Causality testing methods are being widely used in various disciplines of science. Model-free methods for causality estimation are very useful as the underlying model generating the data is often unknown. However, existing model-free measures assume separability of cause and effect at the level of individual samples of measurements and unlike model-based methods do not perform any intervention to learn causal relationships.

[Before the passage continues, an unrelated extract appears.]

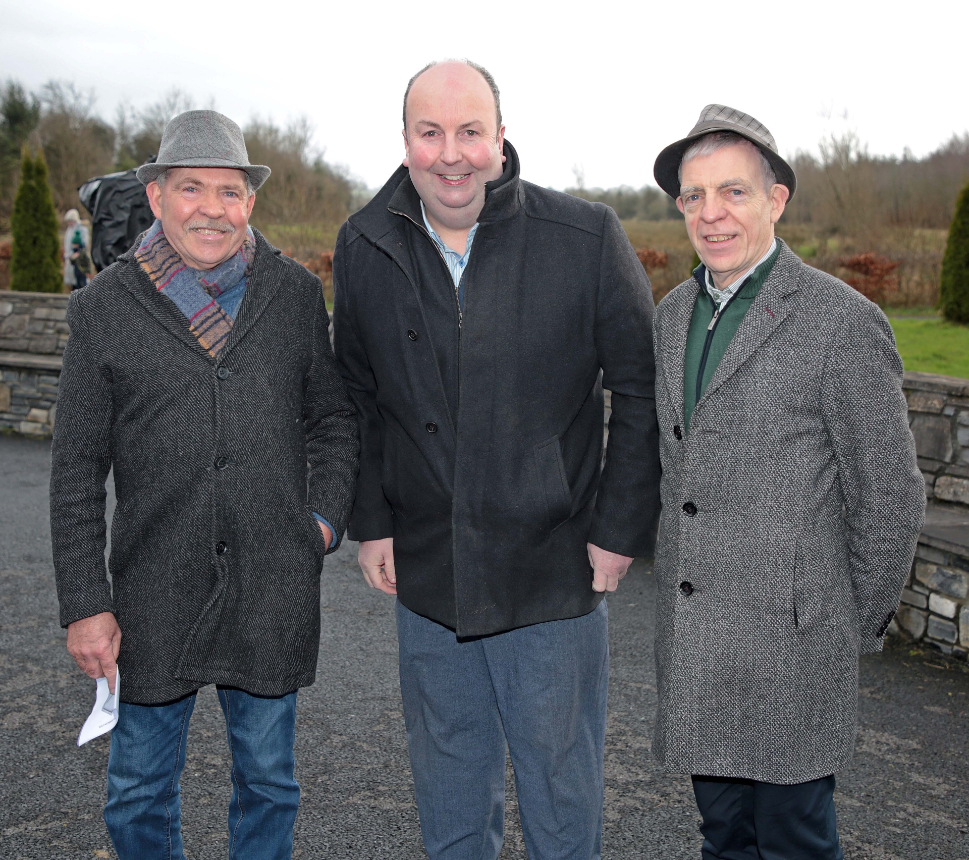 Caption: Aidan and Gerard Brady with Cllr Colin Dalton at the Clonfin Commemoration ceremony on Sunday

These measures can thus only capture causality which is by the associational occurrence of ‘cause’ and ‘effect’ between well separated samples. In real-world processes, often ‘cause’ and ‘effect’ are inherently inseparable or become inseparable in the acquired measurements. We propose a novel measure that uses an adaptive interventional scheme to capture causality which is not merely associational. The scheme is based on characterizing complexities associated with the dynamical evolution of processes on short windows of measurements. The formulated measure, Compression- Complexity Causality is rigorously tested on simulated and real datasets and its performance is compared with that of existing measures such as Granger Causality and Transfer Entropy. The proposed measure is robust to presence of noise, long-term memory, filtering and decimation, low temporal resolution (including aliasing), non-uniform sampling, finite length signals and presence of common driving variables. Our measure outperforms existing state-of-the-art measures, establishing itself as an effective tool for causality testing in real world applications.